(What this task involves) Would you print the lines below exactly, beginning at the line that has "Ведущий, азартные игры, конкурсы, шикарный" and stopping after the line that has "Dal 25 ottobre"? Only those lines, and no pictures.

(Exercise materials)

● ● ●

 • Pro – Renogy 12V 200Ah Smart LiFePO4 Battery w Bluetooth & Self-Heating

● ● ●

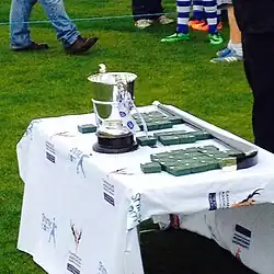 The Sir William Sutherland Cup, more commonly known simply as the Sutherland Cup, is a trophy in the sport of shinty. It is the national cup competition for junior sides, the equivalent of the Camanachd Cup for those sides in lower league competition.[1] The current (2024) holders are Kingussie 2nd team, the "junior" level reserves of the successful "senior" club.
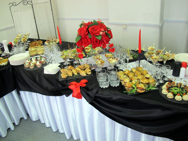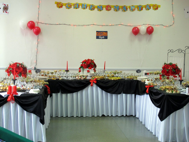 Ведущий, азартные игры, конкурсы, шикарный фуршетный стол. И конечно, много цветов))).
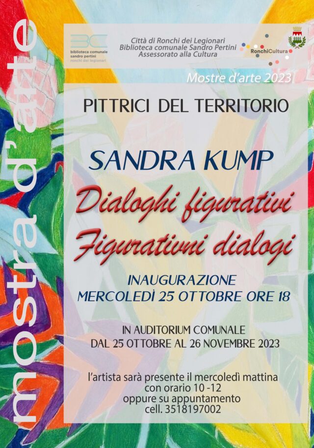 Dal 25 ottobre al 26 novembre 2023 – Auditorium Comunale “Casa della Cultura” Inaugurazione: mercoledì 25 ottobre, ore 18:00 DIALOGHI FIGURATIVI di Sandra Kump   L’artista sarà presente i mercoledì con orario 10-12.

● ● ●

(Output below)
 Ведущий, азартные игры, конкурсы, шикарный фуршетный стол. И конечно, много цветов))).
 Dal 25 ottobre al 26 novembre 2023 – Auditorium Comunale “Casa della Cultura” Inaugurazione: mercoledì 25 ottobre, ore 18:00 DIALOGHI FIGURATIVI di Sandra Kump   L’artista sarà presente i mercoledì con orario 10-12.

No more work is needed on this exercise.